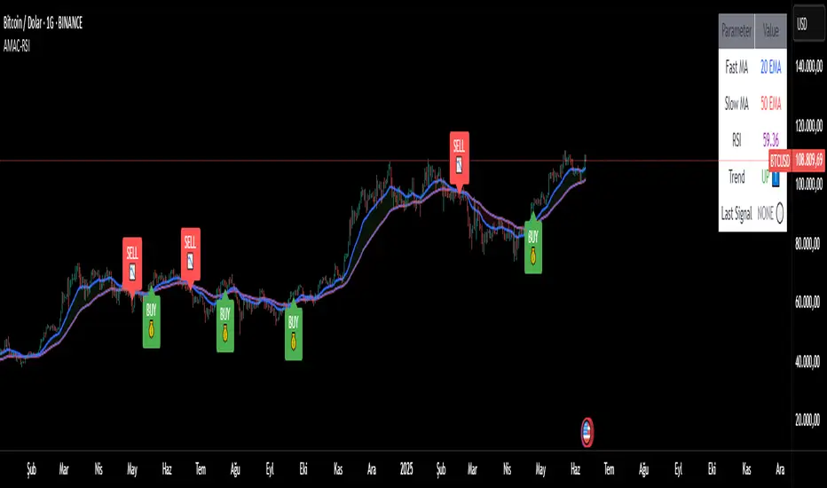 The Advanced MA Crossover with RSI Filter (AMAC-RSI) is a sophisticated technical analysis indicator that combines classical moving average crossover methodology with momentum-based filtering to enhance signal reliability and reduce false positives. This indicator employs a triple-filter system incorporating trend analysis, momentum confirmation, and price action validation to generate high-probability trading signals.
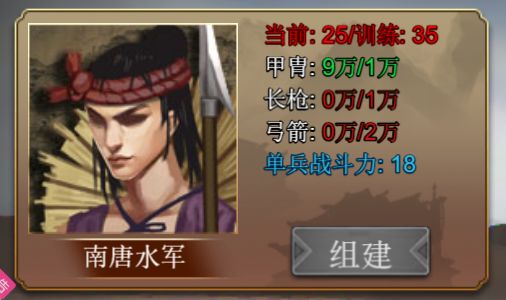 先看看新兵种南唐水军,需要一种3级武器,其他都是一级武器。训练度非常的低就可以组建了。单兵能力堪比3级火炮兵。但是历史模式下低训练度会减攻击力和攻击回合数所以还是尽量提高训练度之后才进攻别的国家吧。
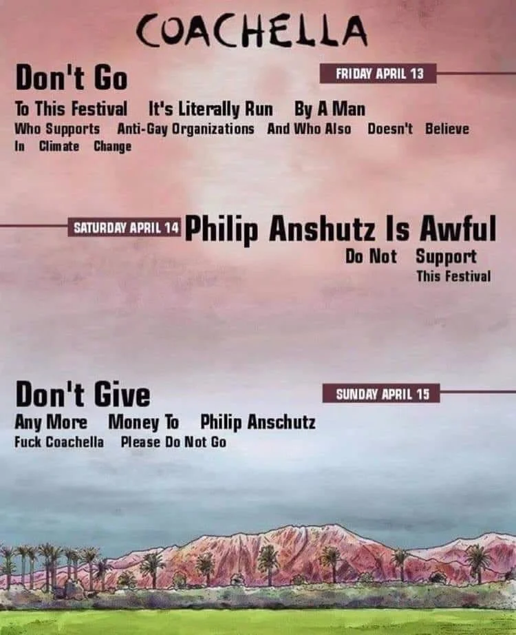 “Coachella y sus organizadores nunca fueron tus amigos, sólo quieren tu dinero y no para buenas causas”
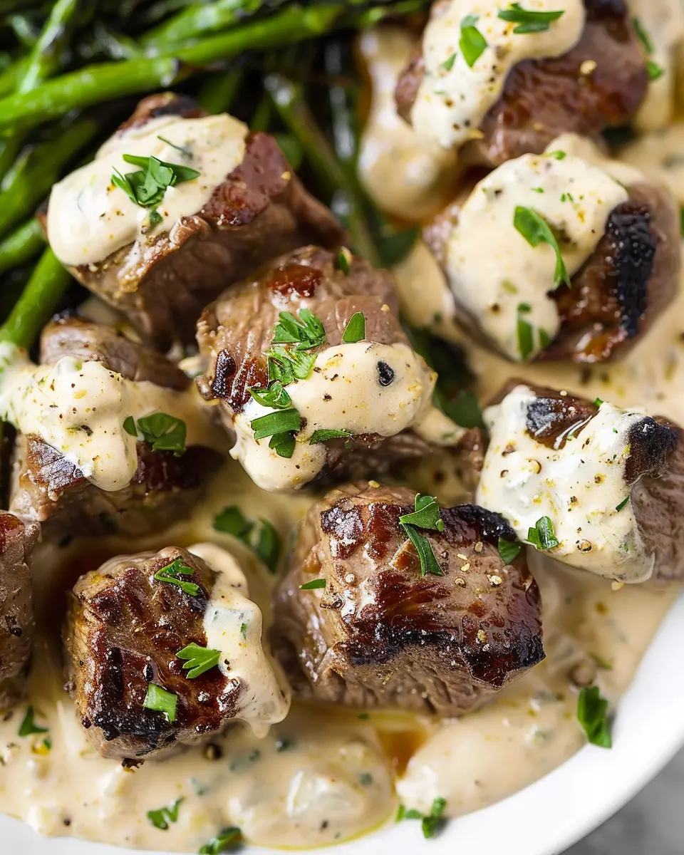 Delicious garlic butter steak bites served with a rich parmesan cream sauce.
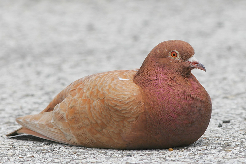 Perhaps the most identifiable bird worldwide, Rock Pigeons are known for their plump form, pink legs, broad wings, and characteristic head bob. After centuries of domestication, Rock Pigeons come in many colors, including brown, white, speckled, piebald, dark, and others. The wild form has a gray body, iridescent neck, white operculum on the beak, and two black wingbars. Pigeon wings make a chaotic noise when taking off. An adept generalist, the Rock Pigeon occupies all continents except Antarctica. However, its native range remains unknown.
==
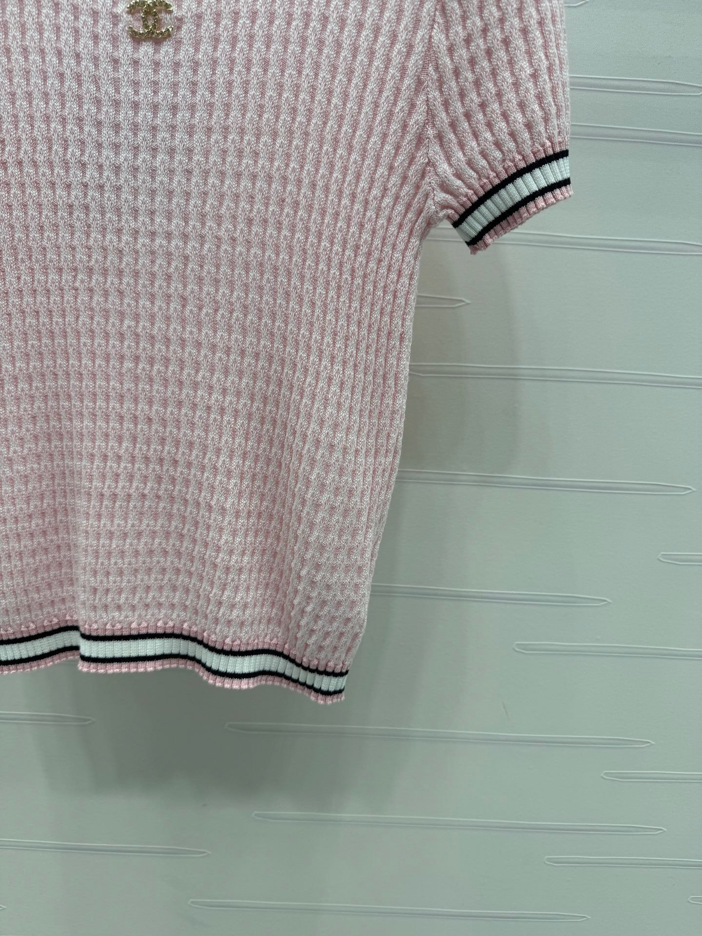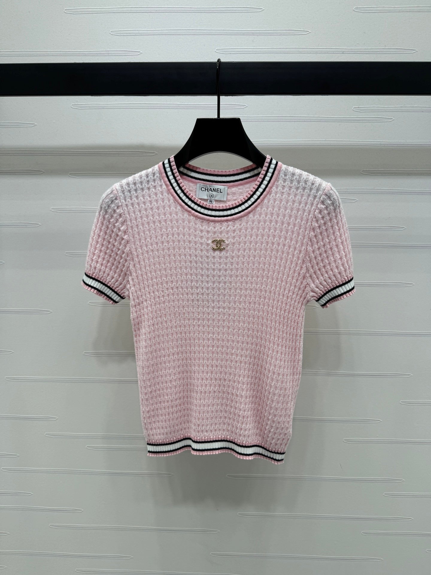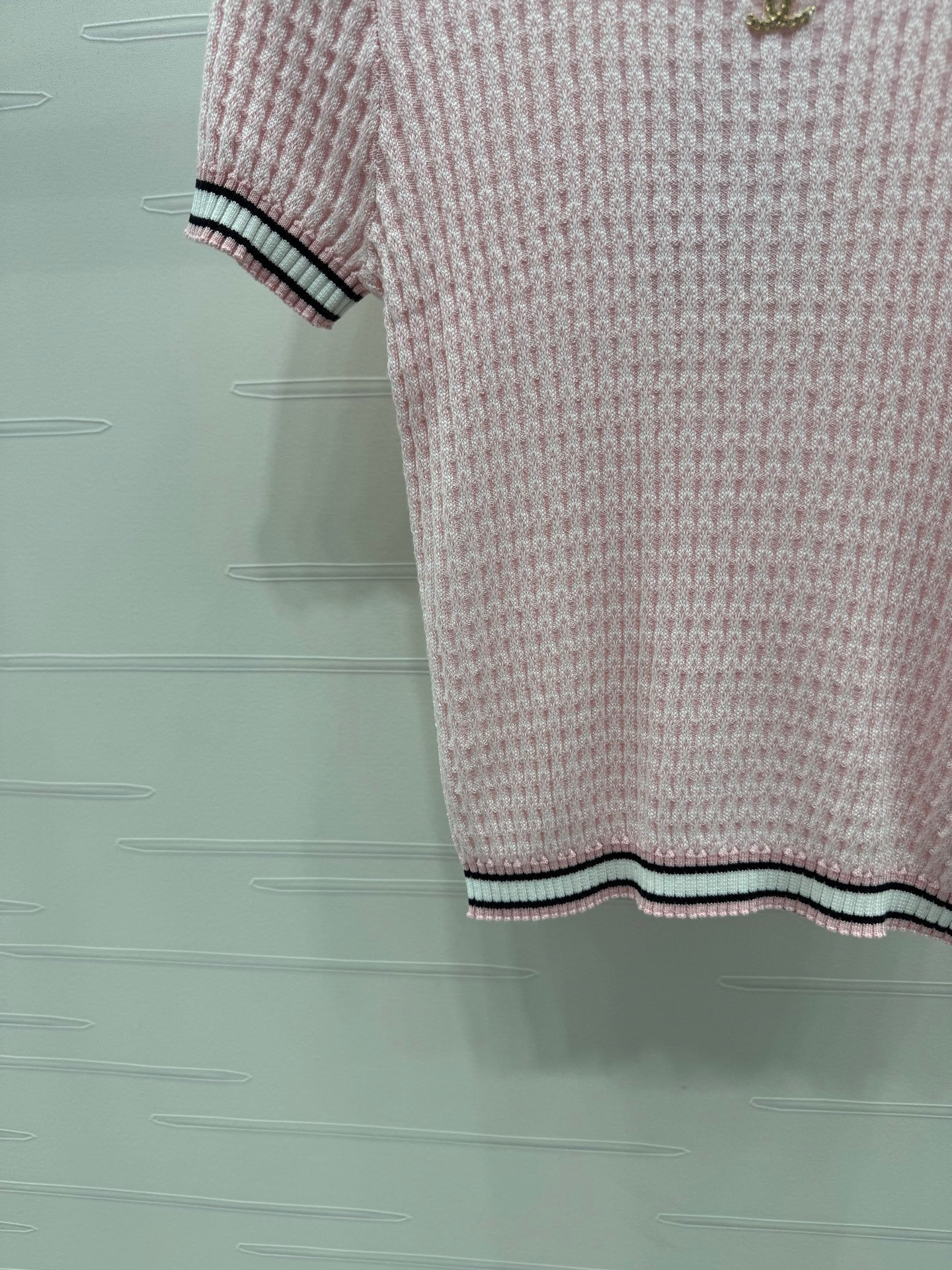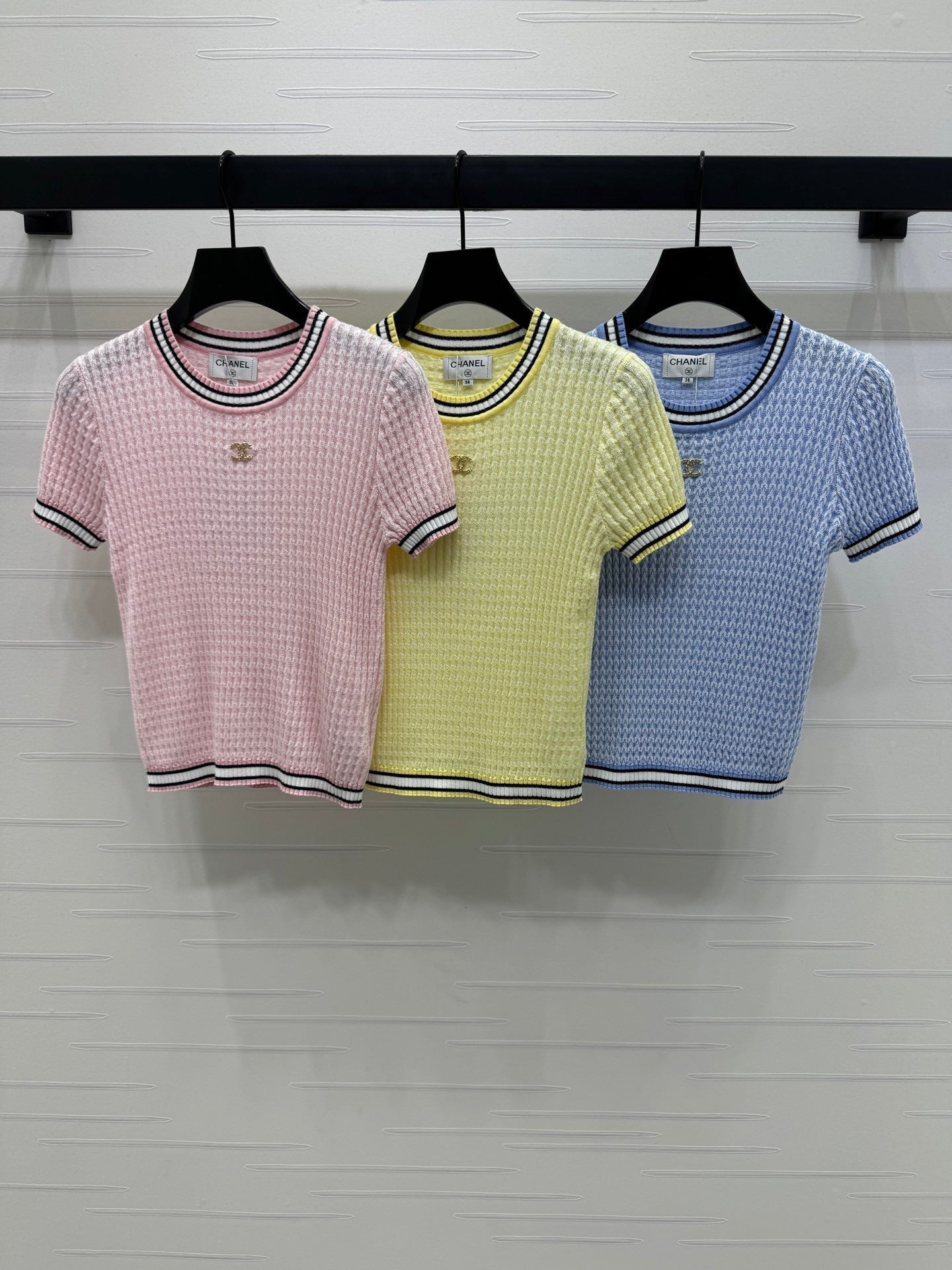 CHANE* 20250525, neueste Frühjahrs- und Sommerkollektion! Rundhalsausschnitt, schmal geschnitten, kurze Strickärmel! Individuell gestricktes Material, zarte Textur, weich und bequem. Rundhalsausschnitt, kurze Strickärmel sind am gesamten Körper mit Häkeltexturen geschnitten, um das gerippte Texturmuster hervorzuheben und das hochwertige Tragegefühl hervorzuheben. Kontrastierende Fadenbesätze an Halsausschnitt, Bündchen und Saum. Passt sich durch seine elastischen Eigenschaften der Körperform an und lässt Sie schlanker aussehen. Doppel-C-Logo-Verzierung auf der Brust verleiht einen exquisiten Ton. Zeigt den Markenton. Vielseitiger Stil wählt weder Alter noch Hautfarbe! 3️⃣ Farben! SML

## Task details
Above are the records; restate exactly the lines from the one containing "先看看新兵种南唐水军,需要一" through the one containing "Perhaps the most", keeping pictures out.

## Expected answer
 先看看新兵种南唐水军,需要一种3级武器,其他都是一级武器。训练度非常的低就可以组建了。单兵能力堪比3级火炮兵。但是历史模式下低训练度会减攻击力和攻击回合数所以还是尽量提高训练度之后才进攻别的国家吧。
 “Coachella y sus organizadores nunca fueron tus amigos, sólo quieren tu dinero y no para buenas causas”
 Delicious garlic butter steak bites served with a rich parmesan cream sauce.
 Perhaps the most identifiable bird worldwide, Rock Pigeons are known for their plump form, pink legs, broad wings, and characteristic head bob. After centuries of domestication, Rock Pigeons come in many colors, including brown, white, speckled, piebald, dark, and others. The wild form has a gray body, iridescent neck, white operculum on the beak, and two black wingbars. Pigeon wings make a chaotic noise when taking off. An adept generalist, the Rock Pigeon occupies all continents except Antarctica. However, its native range remains unknown.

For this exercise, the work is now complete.